Successful modification of the pfpmv gene in the transfected parasite population following the introduction of the targeting vector was confirmed by diagnostic PCR. Limiting dilution cloning of the modified parasites resulted in the isolation of parasite clones PMV-C5 and PMV-F9, which were derived from independent transfections using different guide RNAs. Modification of the native pfpmv locus was confirmed in both transgenic parasite lines by diagnostic PCR (Fig 1B). Both clones replicated at a rate indistinguishable from that of the parental B11 parasites, suggesting that the modifications did not affect parasite viability. Transgenic parasite clone PMV-C5 was used for all subsequent experiments.

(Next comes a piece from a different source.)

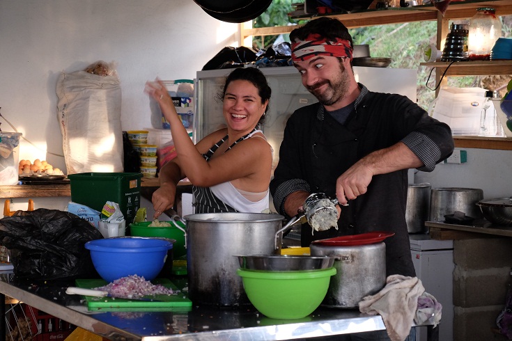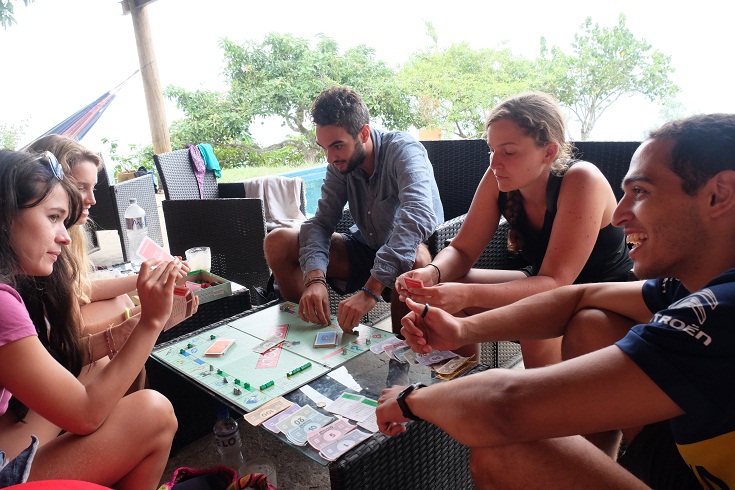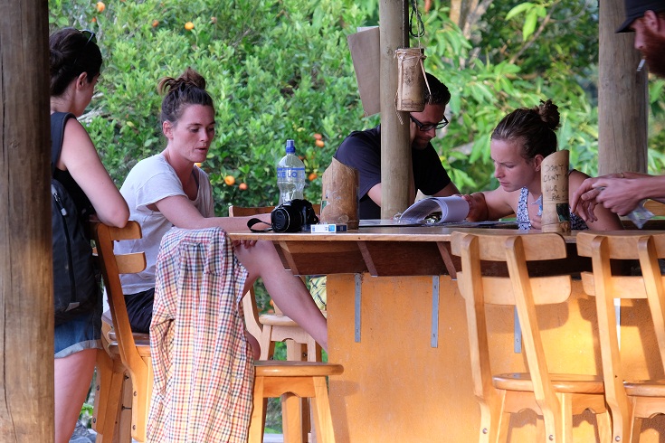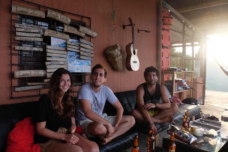 On the sofas, Virginia, Pascal and Jacob who was an awesome guitarist entertaining everyone at the fireplace in the evening. He was a funny guy. He arrived the evening before with no reservation and said “Please, please can I stay. I am ok to sleep on my yoga mat. I really wanna stay here, I have heard so great things about Casa Elemento I had to come!”

Conditional truncation of the pfpmv gene
Expression of the recodonised pfpmv gene in transgenic parasite clone PMV-C5 was expected to produce an epitope-tagged PMV product (called PMV-HA), as well as expression of the neo-R gene product. Note that in this event GFP is not produced because of the presence of a translational stop codon directly downstream of the neo-R gene. Upon RAP-treatment, site-specific recombination between the introduced loxP sites in the modified pfpmv locus of the PMV-C5 parasites was anticipated to reconstitute a single functional loxP-containing intron. Splicing of this intron results in a truncated form of PMV lacking the HA epitope tag, as well as allowing expression of free GFP (Figs 1A and 2A). Diagnostic PCR analysis of DNA extracted from RAP-treated and mock-treated (DMSO-treated control) PMV-C5 parasites confirmed the expected excision event (Fig 2B), although a signal indicative of some residual non-excised DNA was also detectable, as observed with some previously-described DiCre mutants (e.g. [29, 31]). To further examine this, we therefore monitored the appearance of GFP-positive parasites following treatment of synchronous ring-stage parasites with DMSO or RAP. As expected, GFP fluorescence was only detected in the RAP-treated parasites (Fig 2C). Indeed, no schizonts lacking GFP fluorescence could be detected upon exhaustive microscopic examination of the RAP-treated cultures, indicating highly efficient excision of the floxed pfpmv sequence. This was supported by FACS analysis (Fig 2D), showing that nearly 99% of the RAP-treated parasites displayed GFP fluorescence. These results demonstrated close to complete conditional truncation of PMV within a single erythrocytic cycle in the PMV-C5 parasite clone.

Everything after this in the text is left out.